11:43 AM PDT on Wednesday, June 16, 2004

By kgw.com, NWCN and AP Staff

WASHINGTON, D.C. -- In a pair of reports, the commission investigating the Sept. 11 attacks said Wednesday that tall buildings in Washington state were proposed targets of al-Qaida attacks. The commission also bluntly contradicted the Bush administration by finding that there was "no credible evidence" that Saddam Hussein helped al-Qaida target the United States.

9/11 Commission staff said that senior al-Qaida planner Khalid Shaihk Mohammed initially proposed a Sept. 11 attack involving 10 planes. An expanded target list included the CIA and FBI headquarters, unidentified nuclear plants and tall buildings in California and Washington state.

There is only one nuclear power plant, the Columbia Generating Station, near Richland, Wash., in operation, but several skyscrapers in Seattle top 600 feet.

That ambitious plan was rejected by Osama bin Laden, who ultimately approved a scaled-back mission involving four planes, the reports said. Mohammed wanted more hijackers for those planes: 25 or 26, instead of 19.

The 9/11 panel intends to issue a final report in July on the hijackings on Sept. 11, 2001 that killed nearly 3,000, destroyed the World Trade Centers in New York and damaged the Pentagon outside Washington, D.C. A fourth plane commandeered by terrorists crashed in the countryside in Pennsylvania.

The staff reports pieced together information on the development of bin Laden's network, from the far-flung training camps in Afghanistan and elsewhere, to funding from "well-placed financial facilitators and diversions of funds from Islamic charities."

The notion that bin Laden had a huge personal fortune to finance acts of terror are overstated, the reports said.

The description of the training camp operations contained elements of faint, grudging praise.

"A worldwide jihad needed terrorists who could bomb embassies or hijack airliners, but it also needed foot soldiers for the Taliban in its war against the Northern Alliance, and guerrillas who could shoot down Russian helicopters in Chechnya or ambush Indian units in Kashmir," the commission said.

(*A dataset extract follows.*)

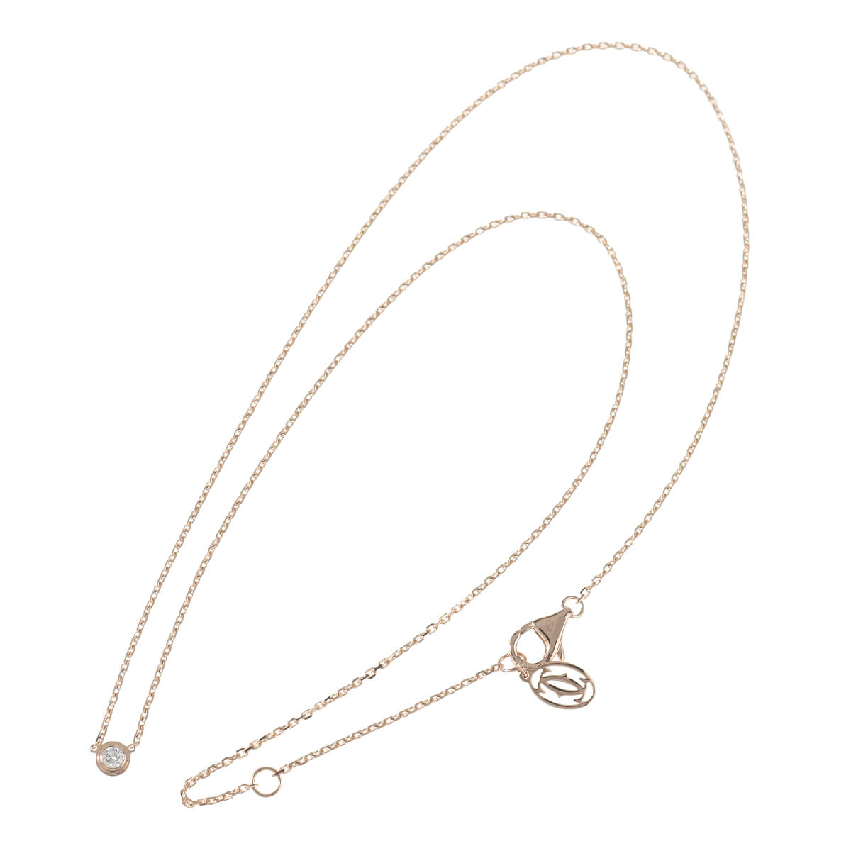 英国王エドワード7世に“Jeweller of kings,king of jewellers(宝石商の王であるがゆえに、王の宝石商)”とまで評価された、世界5大ジュエラーのひとつでもある、世界でもっとも有名なハイジュエリーメゾンのひとつ、ルイ=フランソワ・カルティエが1847年にフランス・パリに創業した、老舗高級宝飾メゾン『Cartier(カルティエ)』。1938年のモデルをエレガントに再解釈した「ダムール」コレクションの、クローズドセッティングされたダイヤモンドがひと粒あしらわれた、ピンクゴールド製エクストラスモールサイズのペンダントネックレスです。旧コレクション名の「ディアマン レジェ ドゥ カルティエ」は“軽やかに身にまとう”という意味を持ち、気軽に身につけられるシンプルでタイムレスなデザインが魅力。軽やかで繊細なデザインが、カルティエらしく優美で洗練された印象をもたらします。

According to one unnamed senior al-Qaida associate, various ideas were floated by mujahadeen in Afghanistan, the commission said. The options included taking over a launcher and forcing Russian scientists to fire a nuclear missile at the United States, mounting mustard gas or cyanide attacks against Jewish areas in Iraq or releasing poison gas into the air conditioning system of a targeted building.

"Last but not least, hijacking an aircraft and crashing it into an airport or nearby city," said the commission statement.

The Iraq connection long suggested by Bush administration officials gained no currency in the reports.

"Bin Laden is said to have requested space to establish training camps, as well as assistance in procuring weapons, but Iraq apparently never responded," the reports said. "There have been reports that contacts between Iraq and al-Qaida also occurred" after bin Laden moved his operations to Afghanistan in 1996, "but they do not appear to have resulted in a collaborative relationship," the commission concluded.

"Two senior bin Laden associates have adamantly denied that any ties existed between al-Qaida and Iraq," the reports said.

The 9/11 Commission has identified at least 10 al-Qaida operatives who were to participate but could not take part for reasons including visa problems and suspicion by officials at airports in the United States and overseas.

From a seamless operation, the reports portray a plot riven by internal dissent, including disagreement over whether to target the White House or the Capitol that was apparently never resolved prior to the attacks. Bin Laden also had to overcome opposition to attacking the United States from Mullah Omar, leader of the former Taliban regime, who was under pressure from Pakistan to keep al-Qaida confined.

The United States toppled the regime in the wake of the Sept. 11 attacks, but Omar has eluded capture, as has Osama Bin Laden.